Spain has entered into a number of Double Tax Treaties and as Double Tax Treaties override domestic legislation it is possible that the above rules are overridden in cases of two countries claiming residency of the same individual.
The effect of residency for wealth tax is as follows:
Residents
spanish tax residents are liable to wealth tax on their worldwide assets. They also benefit from the following allowances:
• General allowance €108,182.18.
• Habitual residence €150,253.03. This allowance is available against the individual’s main residence in Spain and is in addition to the general allowance.
• If the individual has a business then (subject to a number of conditions) there is an allowance available against the value of their business.

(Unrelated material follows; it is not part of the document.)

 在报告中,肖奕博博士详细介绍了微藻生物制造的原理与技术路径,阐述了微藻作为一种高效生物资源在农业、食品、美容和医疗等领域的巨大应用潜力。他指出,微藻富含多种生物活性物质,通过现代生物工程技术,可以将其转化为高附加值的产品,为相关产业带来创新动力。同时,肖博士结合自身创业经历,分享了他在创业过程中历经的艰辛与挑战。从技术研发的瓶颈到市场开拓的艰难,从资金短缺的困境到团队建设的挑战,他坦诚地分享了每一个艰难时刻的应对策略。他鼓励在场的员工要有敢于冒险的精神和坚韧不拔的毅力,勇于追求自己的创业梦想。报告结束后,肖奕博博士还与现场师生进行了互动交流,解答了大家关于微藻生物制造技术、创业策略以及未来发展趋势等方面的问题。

• There is an automatic capping of wealth tax which is tied in to the amount of income received in the same year.
Non spanish Residents
Non spanish Residents are liable to wealth tax solely on assets located in Spain.
Non spanish Residents do not benefit from allowances so they commence paying tax from over €0.00.
Valuing assets
There are various rules for valuing different types of assets. One of the most common assets on which wealth tax is paid is immoveable property. The valuation of immoveable property for wealth tax purposes is based on the higher of:
· the catastral value (rateable value),
· the acquisition cost (as declared on the title deed)

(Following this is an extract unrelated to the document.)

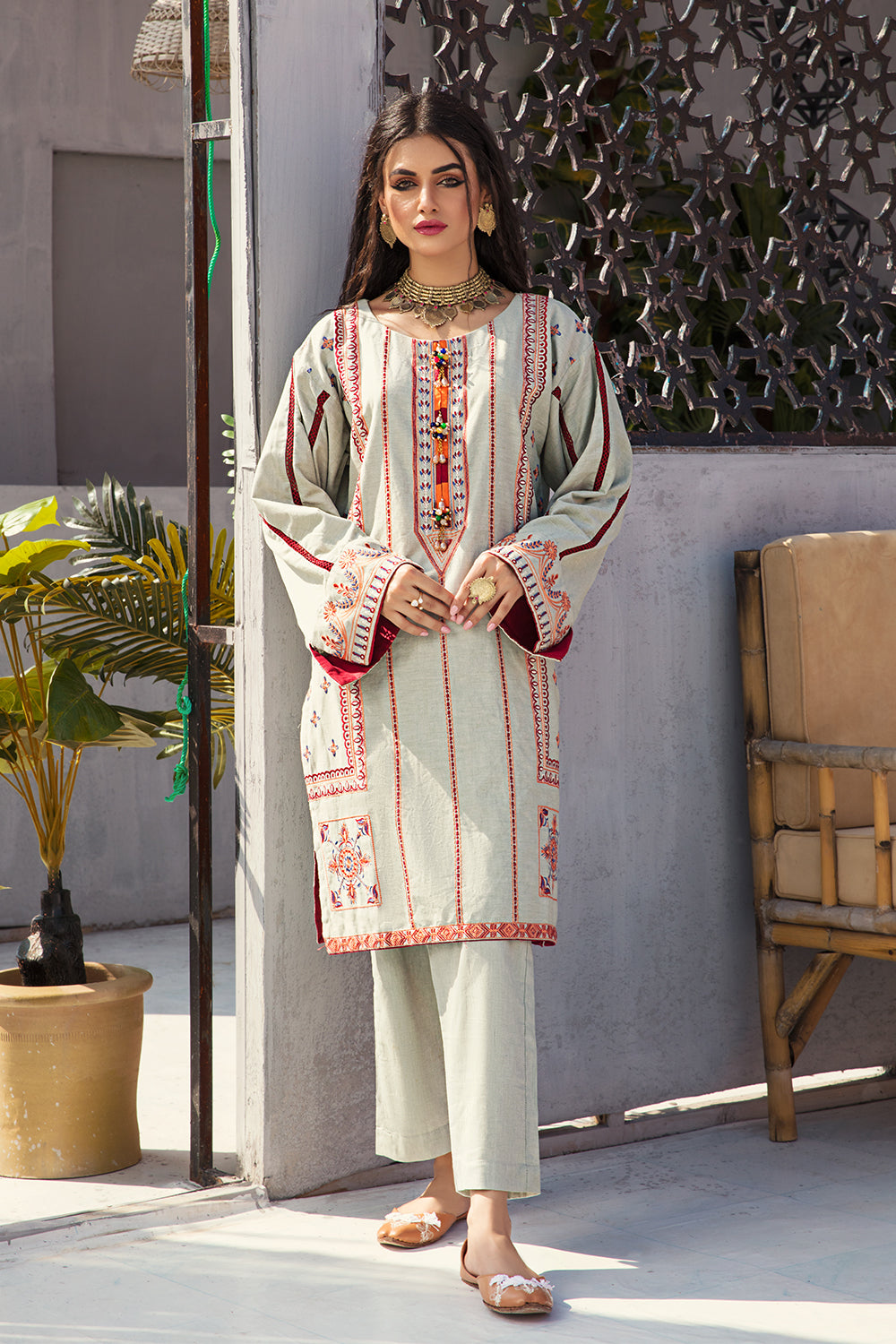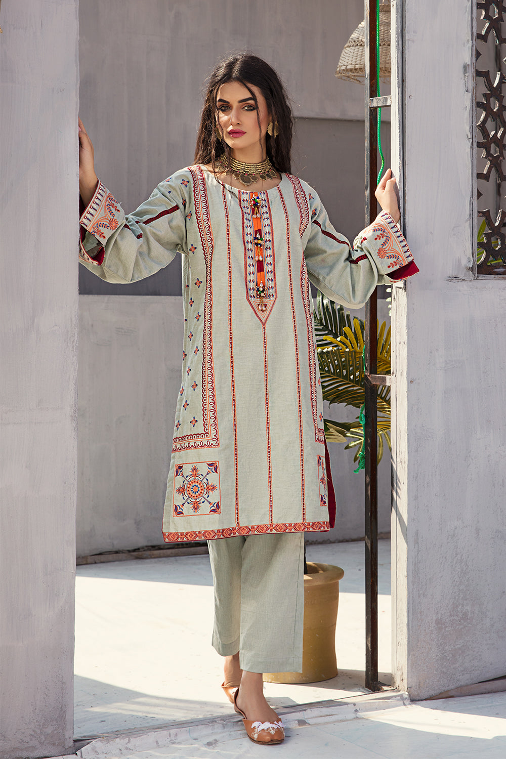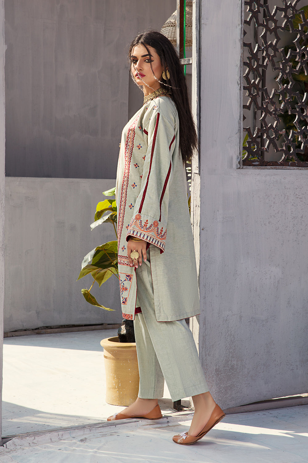 Cotton Stitched Front And Sleeve Embroided Shirt + Plain Trouser
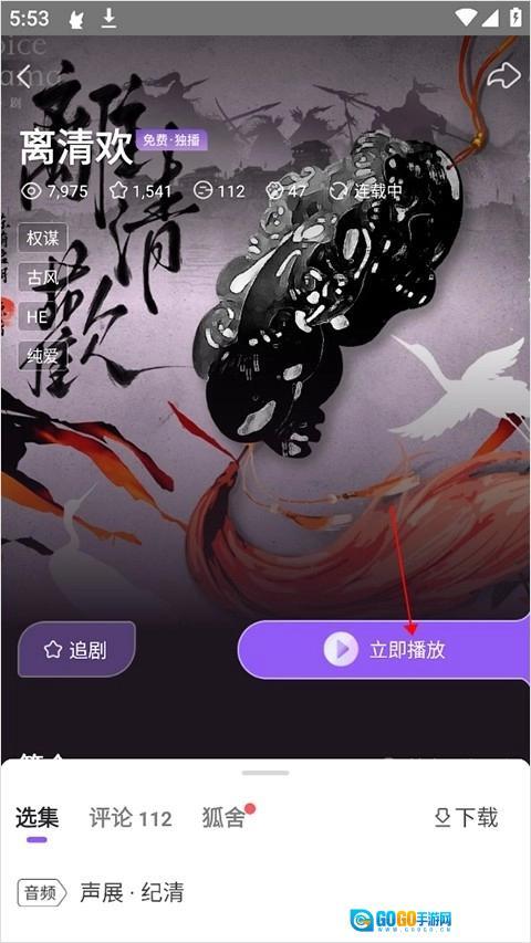 2、进入该广播剧的详情页面后,点击“立即播放”按钮。

· an official valuation undertaken by the tax authorities.
In practice, the acquisition cost on the title deed (la escritura) is used as it is usually higher than the catastral value and valuations by the tax authorities are not commonplace.

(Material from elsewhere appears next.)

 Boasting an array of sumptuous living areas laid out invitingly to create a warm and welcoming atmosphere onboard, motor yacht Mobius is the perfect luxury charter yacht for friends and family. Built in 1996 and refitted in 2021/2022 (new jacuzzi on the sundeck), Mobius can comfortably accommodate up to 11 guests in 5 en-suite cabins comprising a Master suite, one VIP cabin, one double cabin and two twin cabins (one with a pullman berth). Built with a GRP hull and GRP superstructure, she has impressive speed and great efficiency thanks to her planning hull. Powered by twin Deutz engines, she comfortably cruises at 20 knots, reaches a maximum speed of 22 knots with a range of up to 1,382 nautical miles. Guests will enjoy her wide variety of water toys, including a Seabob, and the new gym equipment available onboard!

The value of assets and charges are usually based on the last day of the spanish tax year (31st December).
Tax rates
The tax rates work on a sliding scale and vary from 0.02% - 2.5% depending on wealth. The tax rates are summarised below:
Taxable wealth up to |
Tax payable |
Rest of taxable wealth |
Tax rate |
€0.00
|
€ 0.00 |
€167,129.45 |
0.2% |
€167,129.45 |
€ 334.26 |
€167,123.43 |
0.3% |
€334,252.88 |
€ 835.63 |
€334,246.87 |
0.5% |
€668,499.75 |
€ 2,506.86 |
€668,499.76 |
0.9% |
€1,336,999.51 |
€ 8,523.36 |
€1,336,999,50 |
1.3% |
€2,673,999.01 |
€ 25,904.35 |
€2,673,999.02 |
1.7% |
€5,347,998.03 |
€ 71,362.33 |
€5,347,998.03 |
2.1% |
€10,695,996.06 |
€183,670.29 |
Exceeding |
2.5% |
To conclude, spanish residents are able to benefit from allowances to reduce their exposure to spanish wealth tax, but are liable to worldwide net assets. If their wealth is considerable then other forms of tax planning would need to be undertaken to try and minimise the affects of this tax.
Non residents are liable to net spanish situs assets. For example, they can reduce their exposure to wealth tax on their spanish holiday home by simply buying their holiday home with a mortgage registered in Spain. The net difference between the value of the property and the mortgage is what would be liable to wealth tax rather than the whole value of the property.